- Born: August 4, 1925 Taojiang County, Hunan, China
- Died: October 28, 2020 (aged 95) Wuhan, Hubei, China
- Education: National Central University
- Children: 3
- Scientific career
- Fields: Water conservation
- Workplaces: Yangtze River Water Resources Commission

= Wen Fubo =

Chinese engineer (1925–2020)

Wen Fubo (文伏波 (Wén Fūbō); 4 August 1925 – 28 October 2020) was a Chinese engineer specialized in water conservation.

==Biography==
Wen was born in Taojiang County, Hunan, on 4 August 1925. In October 1943, he entered National Central University, where he majored in water conservation.
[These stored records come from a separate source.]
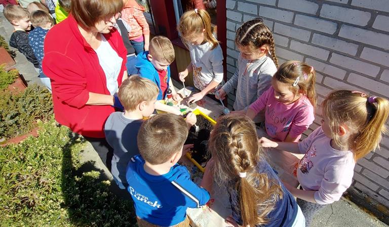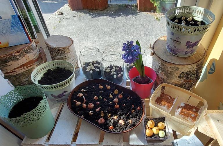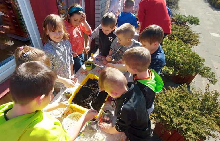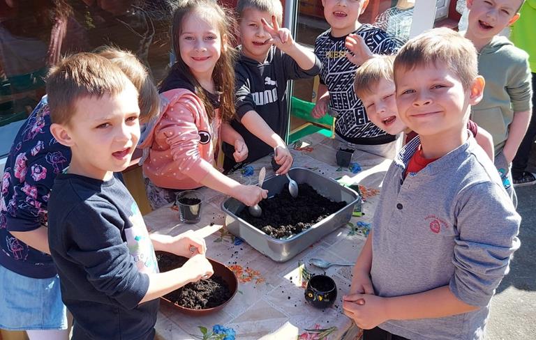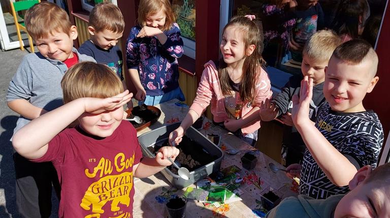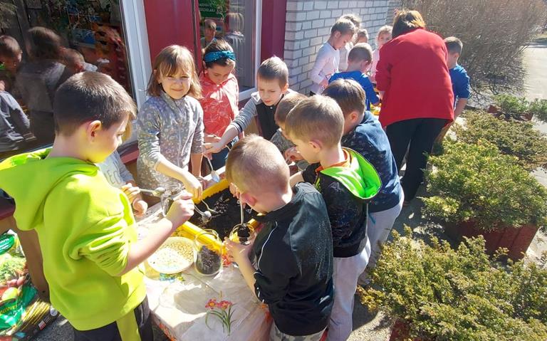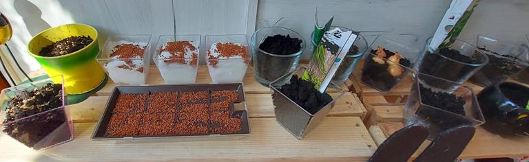 „Mali ogrodnicy”…wiosna za oknem i wiosna w sali. 6 latki podczas zajęć gospodarczych posiali szczypiorek, koperek, rzeżuchę, bazylię i oregano, posadzili także cebulkę dymkę i mieszankę kwiatów miododajnych oraz lawendę. Sadzonki pięknie wyglądają na naszym parapecie, a temu wszystkiemu przez okno przyglądał się nasz koci przyjaciel. Teraz prowadzimy codzienną obserwację i czekamy na pierwsze efekty.
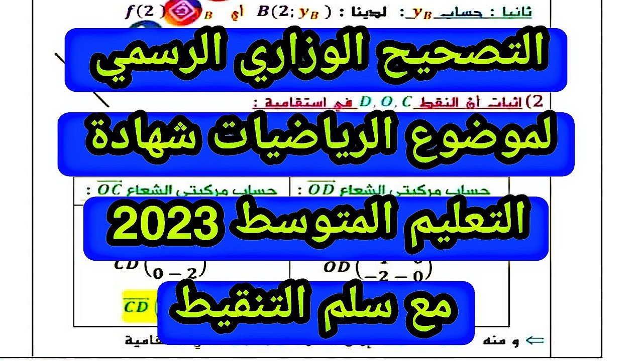 التصحيح الوزاري الرسمي لموضوع الرياضيات شهادة التعليم المتوسط 2023 شحال النقطة
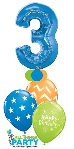 3rd Birthday Big Number Blue Bouquet INFLATED
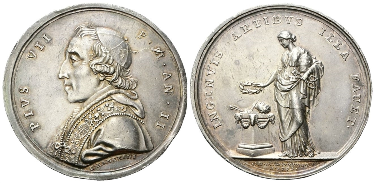Dr. PIVS VI - P M AN II. Busto a s. con zucchetto, mozzetta; sotto il busto, G. HAMERANI. Rv. INGENIVS ARTIBVS ILLA FAUET. Figura allegorica femminile rappresentante la Religione stante verso s., che depone una corona d’alloro su un’ara posta a s.,adornata con festoni e teste di arieti; in esergo, JOS SCHWENDIMAN / A 1775.
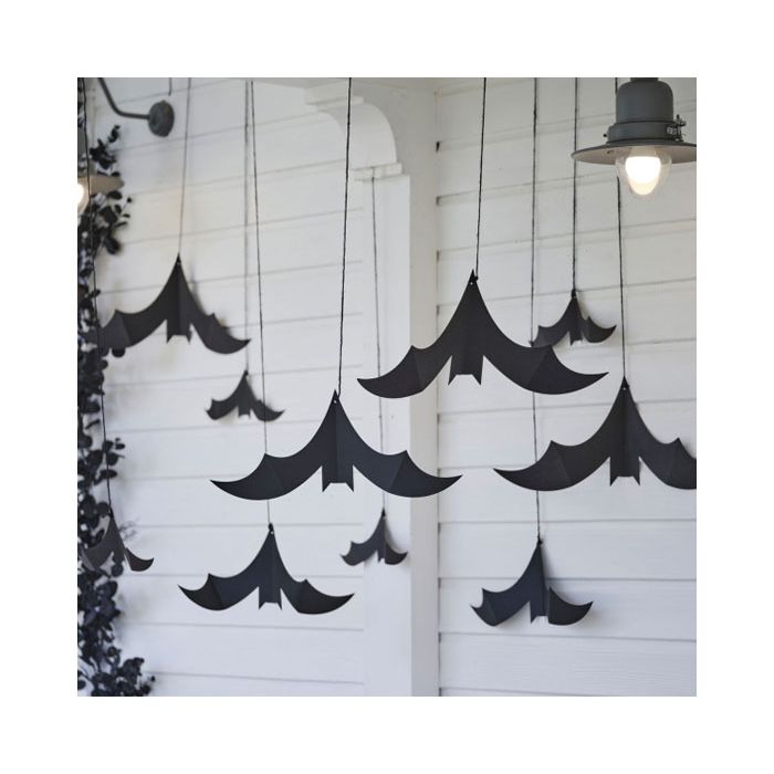 Met deze Halloween vleermuis versiering van Ginger Ray zal iedereen gegarandeerd schrikken. Deze milieuvriendelijke versiering kan zowel binnen als buiten je huis worden opgehangen. Elk pakket bevat 10x zwarte hangende vleermuizen in verschillende maten:

In 1944, he joined the Chinese Expeditionary Force. He joined the Chinese Communist Party in January 1949. After a brief term in the government, he worked at the Nanjing Yangtze River Water Conservancy Bureau in October 1949. In January 1950, he became an official at the Yangtze River Water Resources Commission, where he was promoted to its director in January 1986. He was design team leader of Danjiangkou Water Control Project and Gezhouba Water Control Project. He retired in July 2018. On 28 October 2020, he died of illness in Wuhan, Hubei, at the age of 95.

==Personal life==
Wen had three children.

==Honours and awards==
- 1985 State Science and Technology Progress Award for Gezhouba Water Control Project (Special Award)
- 1994 Member of the Chinese Academy of Engineering (CAE)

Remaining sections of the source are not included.